ACTIVITY
Pictures excluded, copy word for word the lines from the one holding "[중앙뉴스라인, 김민수기자] 곡성군이" through the last line below.

[THE DATA — start]

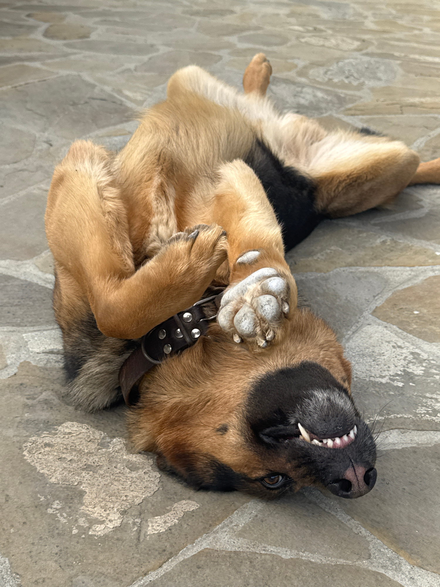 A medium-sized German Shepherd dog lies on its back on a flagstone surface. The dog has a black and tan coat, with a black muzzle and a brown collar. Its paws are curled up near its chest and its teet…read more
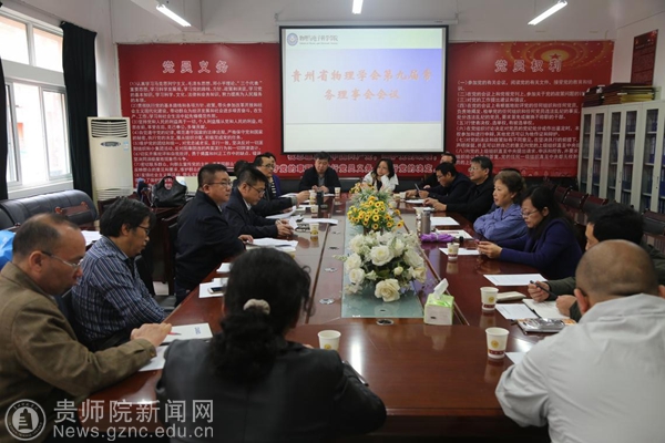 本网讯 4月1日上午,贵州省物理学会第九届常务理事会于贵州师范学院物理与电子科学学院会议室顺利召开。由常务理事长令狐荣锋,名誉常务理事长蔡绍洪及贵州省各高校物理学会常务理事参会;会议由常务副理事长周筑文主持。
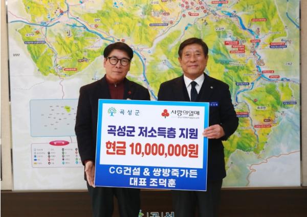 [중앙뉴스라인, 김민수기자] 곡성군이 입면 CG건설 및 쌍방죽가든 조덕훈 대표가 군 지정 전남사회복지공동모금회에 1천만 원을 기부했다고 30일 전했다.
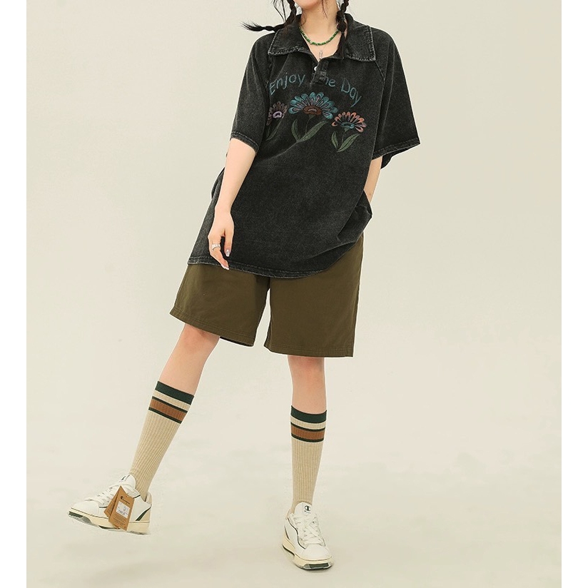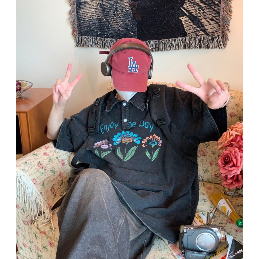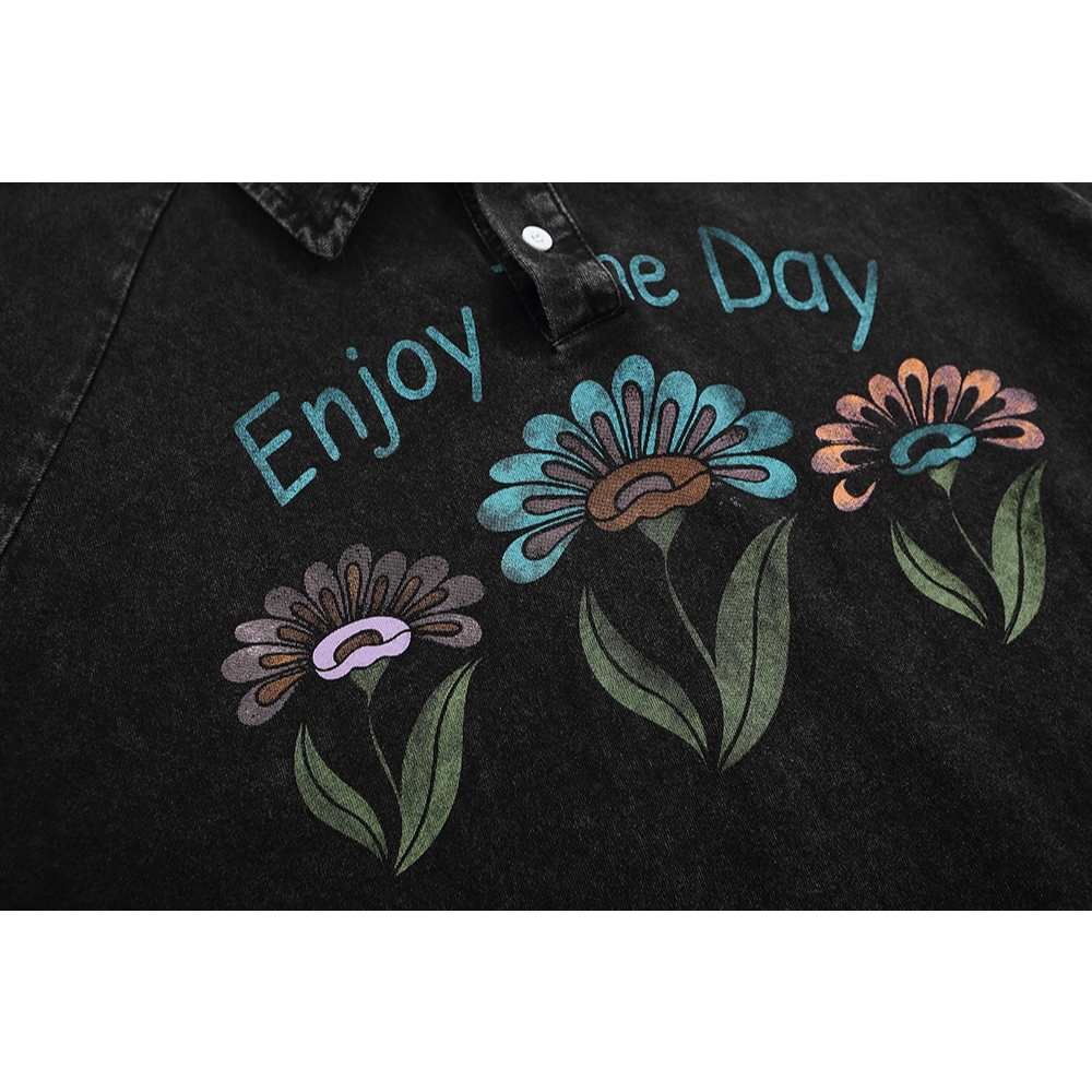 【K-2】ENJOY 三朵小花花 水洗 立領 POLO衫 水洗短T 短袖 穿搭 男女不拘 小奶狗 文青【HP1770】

[THE DATA — finish]

THE ANSWER
 [중앙뉴스라인, 김민수기자] 곡성군이 입면 CG건설 및 쌍방죽가든 조덕훈 대표가 군 지정 전남사회복지공동모금회에 1천만 원을 기부했다고 30일 전했다.
 【K-2】ENJOY 三朵小花花 水洗 立領 POLO衫 水洗短T 短袖 穿搭 男女不拘 小奶狗 文青【HP1770】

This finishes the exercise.